# Snipper Deflowering Agent



## ChockFull (Aug 18, 2013)

Has anyone used this product from Tree Tech (or anything comparable) with success?
I have had others tell me that it doesn't work. I have talked with customers about alternatives to removing Sweetgums and Walnuts and this came up. I haven't tried it but was considering it in the spring. Thanks in advance.


----------



## ATH (Aug 18, 2013)

What I have read on it, sounds like the window of opportunity is so tight. You'd have to stop by the client's house every day to check and then apply it at the right time, hoping you don't have anything else scheduled at the time you need to treat the trees. I have not tried it, but I think the price for that monitoring will make it quite costly.

That, and I am not comfortable telling somebody I am going to "deflower" their tree.


----------



## prichardtreecare (Mar 7, 2018)

ChockFull said:


> Has anyone used this product from Tree Tech (or anything comparable) with success?
> I have had others tell me that it doesn't work. I have talked with customers about alternatives to removing Sweetgums and Walnuts and this came up. I haven't tried it but was considering it in the spring. Thanks in advance.
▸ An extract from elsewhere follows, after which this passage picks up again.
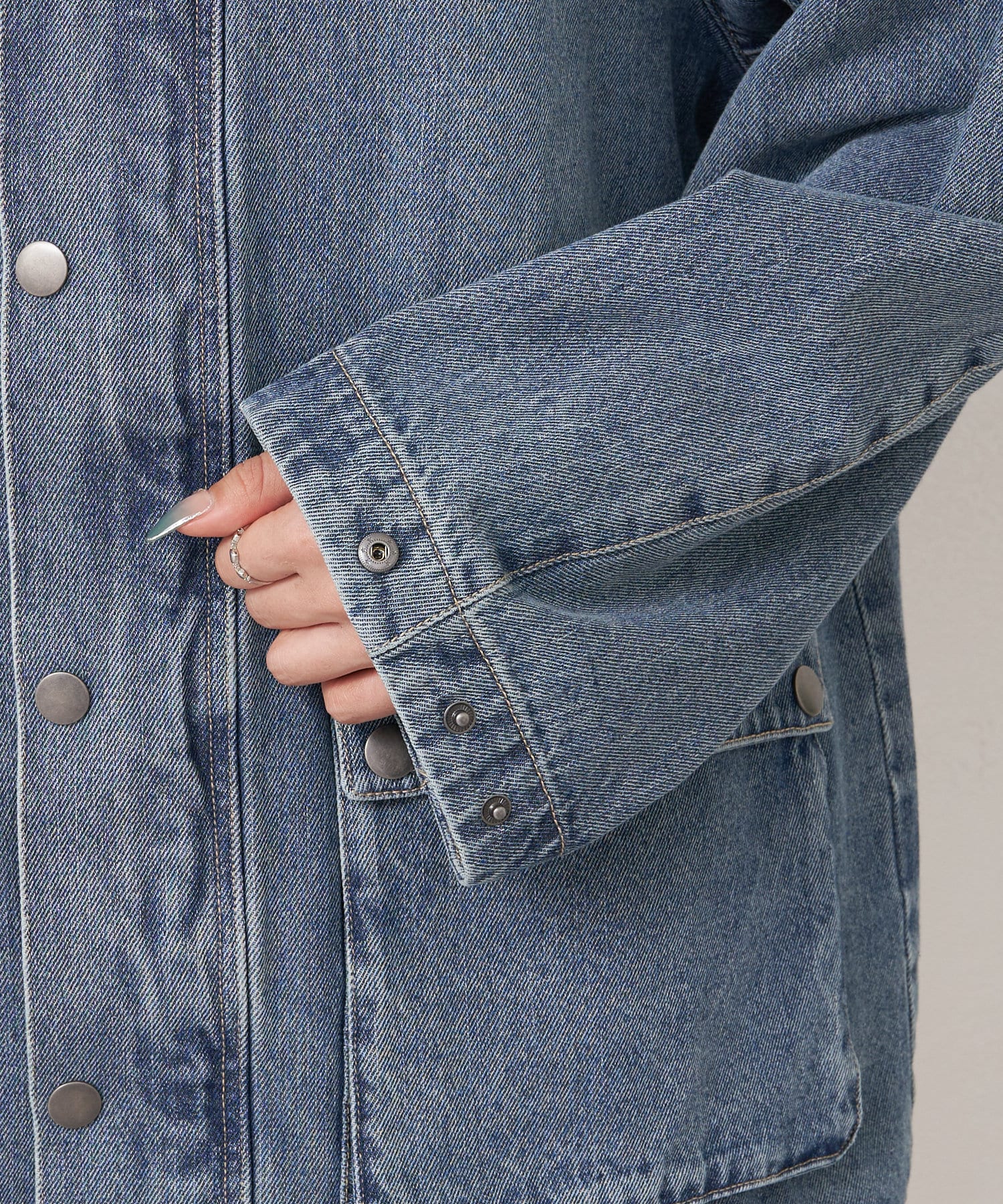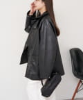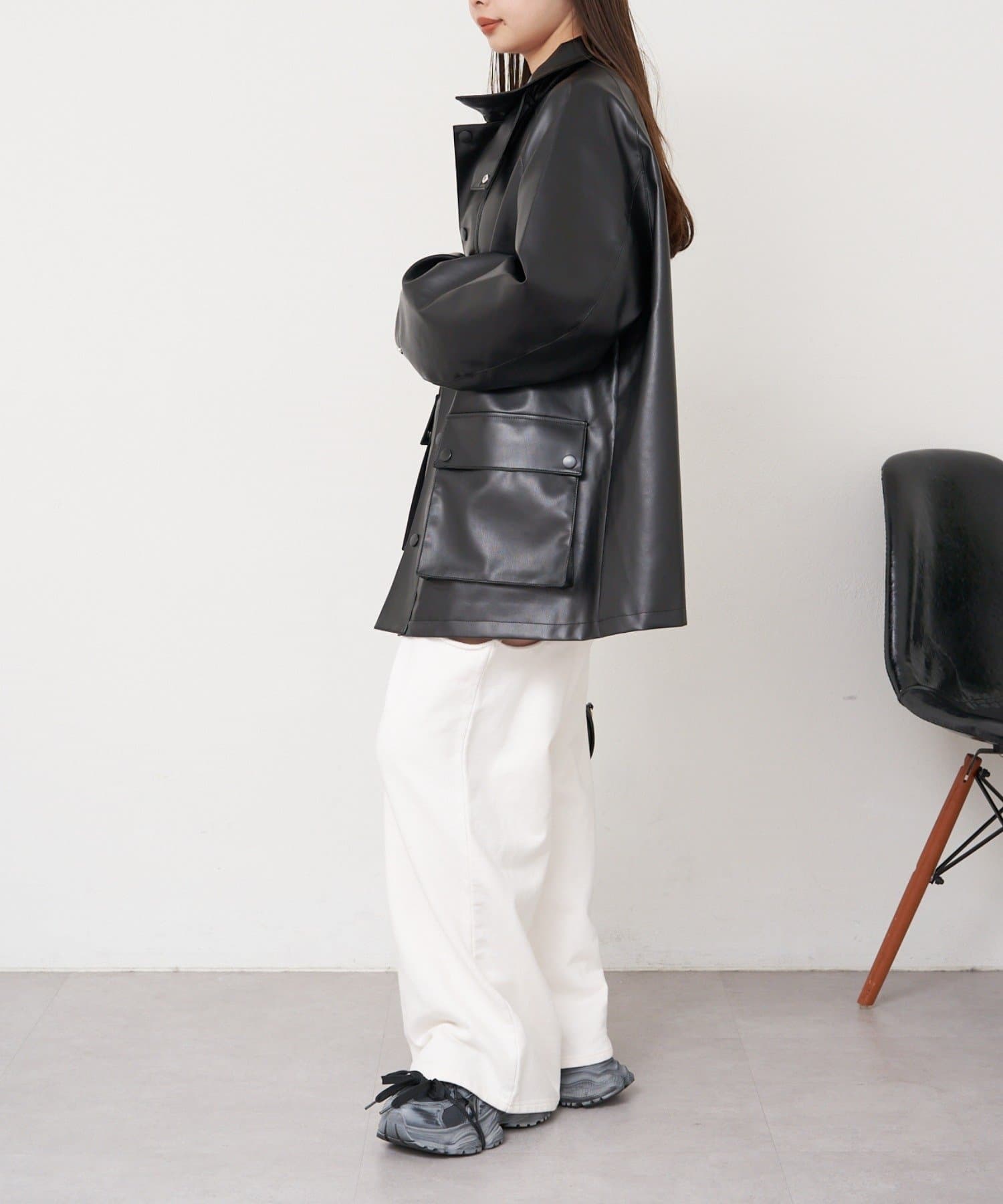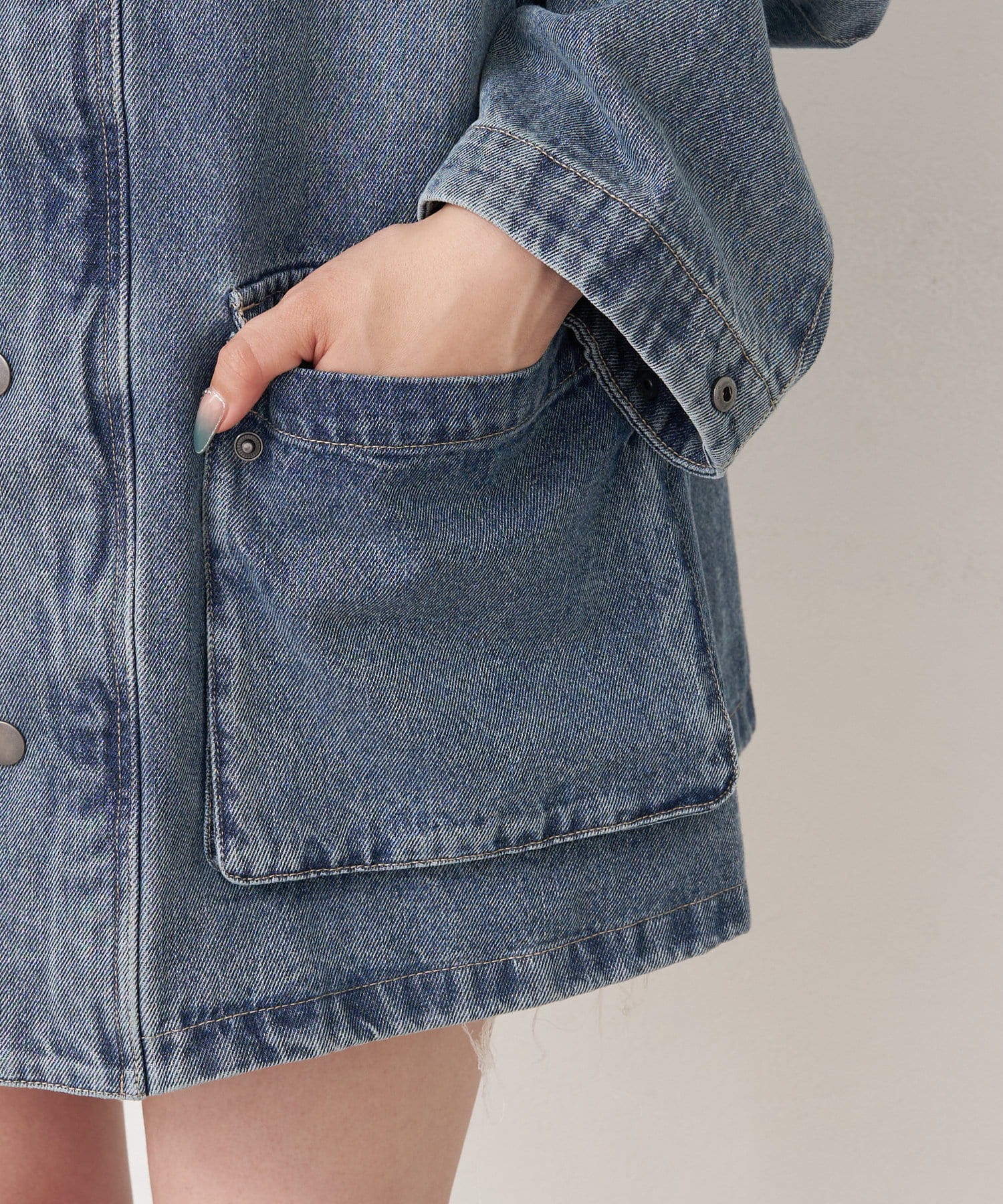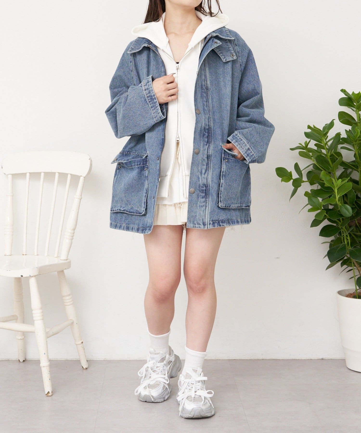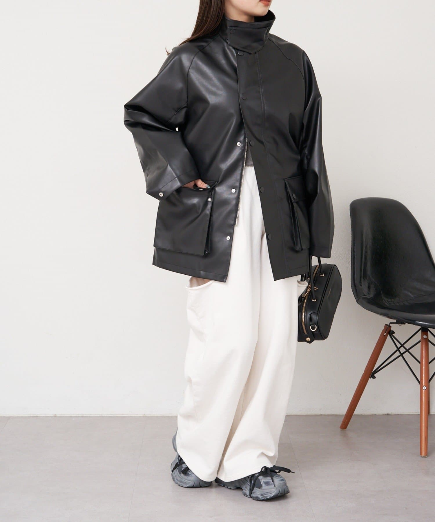 細見えアウター / スタンドカラー / デニム / レザー / ワーク

I have been using the snipper deflowering agent for years with great success! Primary using it for acorns and sweetgum balls,
It's important to inject at the proper time at bud swell , that said a little history on the tree specimen you are planning to inject will go a long way .i.e flowering cycle , satisfied customer 

Sent from my SM-G955U using Tapatalk


----------



## Jason Douglas (Apr 8, 2018)

Pinscher has fruit control on the labeling I believe.


----------



## ATH (Apr 9, 2018)

Anybody watch Sweetgum close enough to see how many GDDs it starts to flower (or what it flowers with)?


----------



## Jason Douglas (Apr 13, 2018)

Good question, never have


----------



## MrRecurve (Sep 18, 2018)

Will this work on any woody plant/tree?


----------